The Christmas season just came to a close with Candlemas on February 2nd. It was the last day we might (liturgically) sing O Come Let Us Adore Him. As we prepare for the season of Lent, which begins March 5th this year, can we show Jesus the same Adoration amidst the suffering of the Cross?
What Does it Mean to Adore?
We may think of adoring someone as loving in a joyful way as we do when we hold a small child, but to adore means to love and respect deeply and even to worship or venerate. The word adore comes from the Latin ad meaning “to” and ore meaning “speak or pray.” Knowing this might change how easily we say we adore things. In fact, knowing this, can we say we would adore Christ on the Cross?
Easy Love
Culturally, we say we adore someone or something to mean we love strongly. It’s not wrong, but it’s at times too loosely used. We love little babies, and we love cute outfits. We love a person’s friendliness or kindness. Fun and positive things and people are easy to love, but can we love ugliness?
Tough Love
Not all love is pretty. Married couples take a vow to love in sickness and in health, for better or for worse. Stick around and those things will happen. Stick through them and love grows stronger, but it’s not easy. Love is tough and sometimes ugly.
There’s nothing pretty about the Cross. It’s a brutal form of capital punishment. The way Christ died for us was violent from the moment the night of the arrest began. He sweat blood while praying, yet still healed the ear of the soldier who arrested Him. He endured questioning and being paraded around and mocked. Christ took on a crown of thorns and a horrid lashing with the whip. He bore the Cross to Calgary, falling three times but getting up each time and enduring the suffering.

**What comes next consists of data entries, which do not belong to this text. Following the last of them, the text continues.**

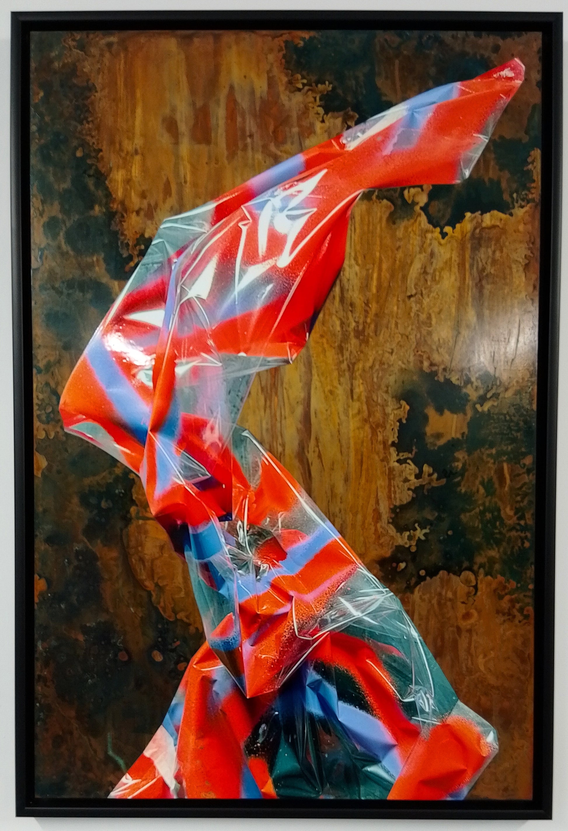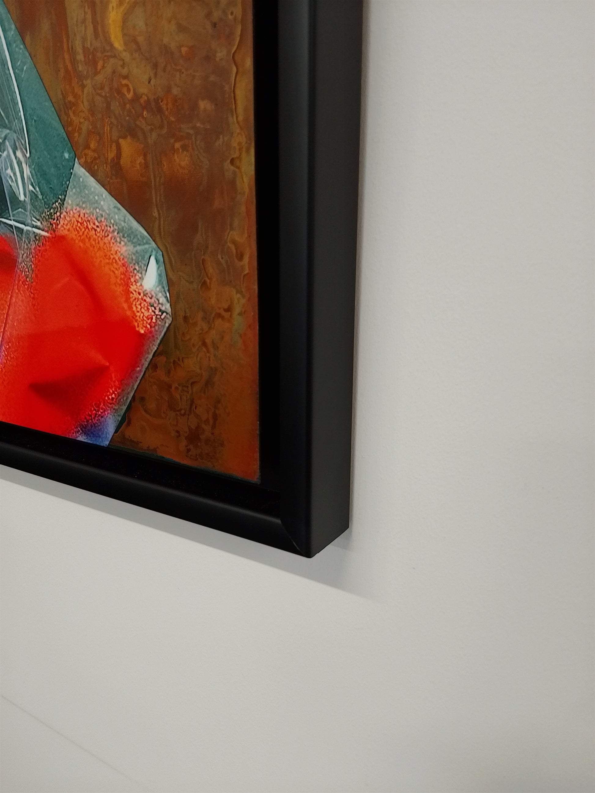 HEXA7 by Oli Fowler rises like a sculptural ribbon of energy, its sharp twists of red, violet, and electric blue cutting through the deep, weathered patina of oxidised copper. The form feels suspended in motion, capturing the interplay between chance and precision that runs throughout Fowler’s practice.
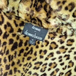 Dennis Basso Brown Gold Leopard Reversible Zip Front Faux Fur Coat Jacket NEW Tagged Size Medium
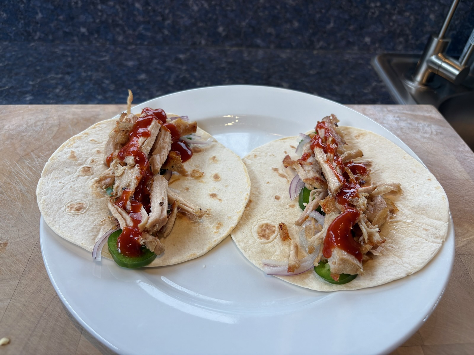 Dinner: Pork carnitas tacos (updated post), with 2.8 oz. pork. Sauza hornitos tequila.
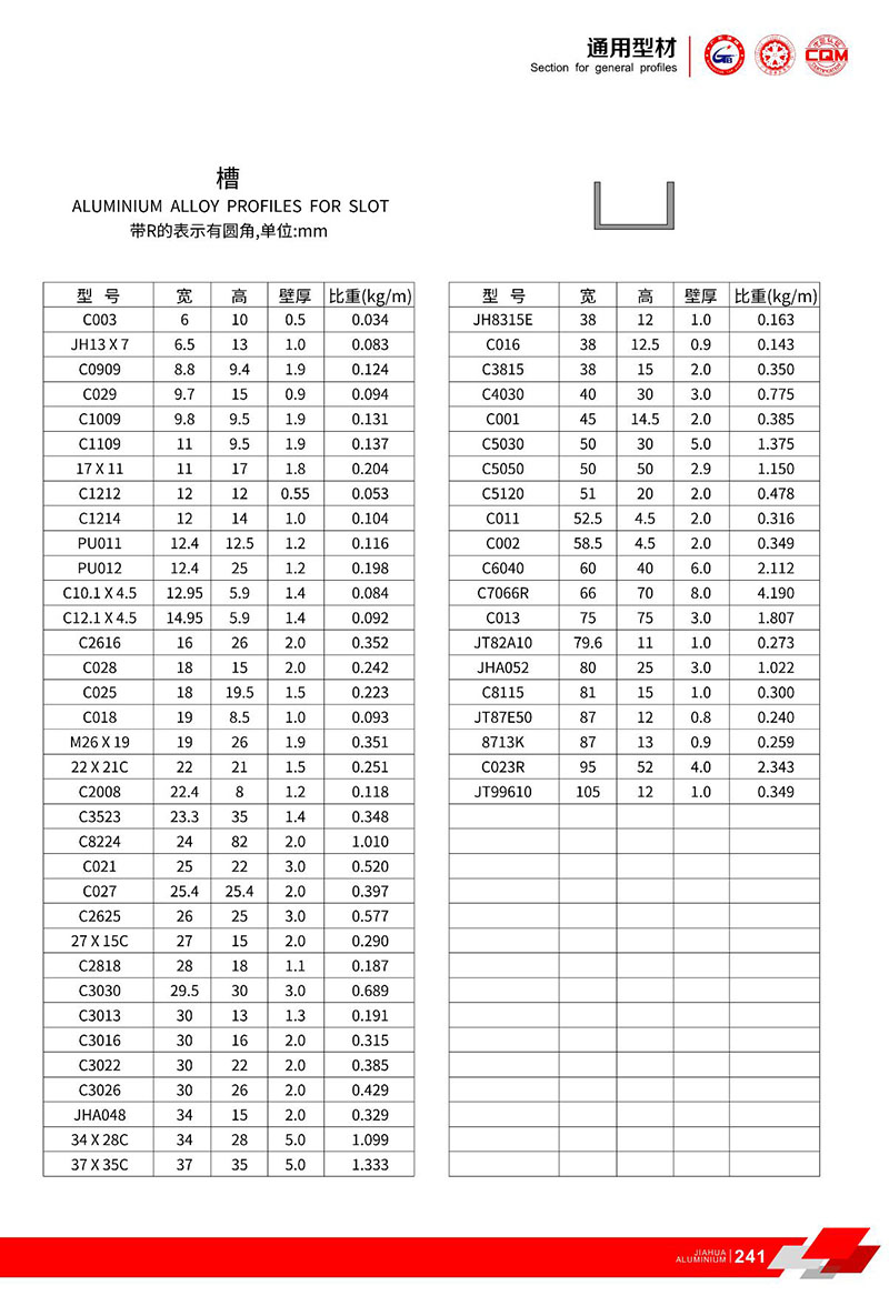 鋁型材規(guī)格型號:槽鋁型材

On the Cross, amidst the final moments, He asked the Father to forgive those who tormented Him. His love never faltered. He never turned away from us. He took on the Will of the Father out of love for God and man. Christ became the Sacrificial Lamb.
Adoring in the Ugliness
Not all love is pretty. Some love is ugly. Sometimes we love right in the muck of life. We love our kids when they get sick. We love our spouses when they lose a job. When times are tough, we’re still called to love. We love during old age and all of its ugliness. Sometimes loving in the ugliness of life is harder than we want it to be. Some relationships don’t survive. Those that do can be scarred. It’s difficult, but to truly love and adore is not meant to be easy.
Christ’s love for us was not and is not easy. (I, for one, don’t make it easy; I’m working on that.) Yet still Christ loves us as the Father loves us. His love is free and we are called to do the same. It’s the real meaning of being created in His Image, to love unconditionally, that sacrificial love, mimicking Christ’s love and suffering for us.
True Love
As Lent approaches, let’s think of ways to increase our love for God and for each other. Lent is a time of inward reflection, sacrifice, and contemplation of Christ’s suffering. Can we make it a time to increase in love as well?
We can never love as strongly as God loves, but our imitation should pull us to our knees, so that our suffering is united to Christ’s suffering. If we can adore Christ in the manger, we must also adore Him on the Cross. If we love in the joys and happiness of life, we must also love through the ugliness.
That is, after all, what true love really is.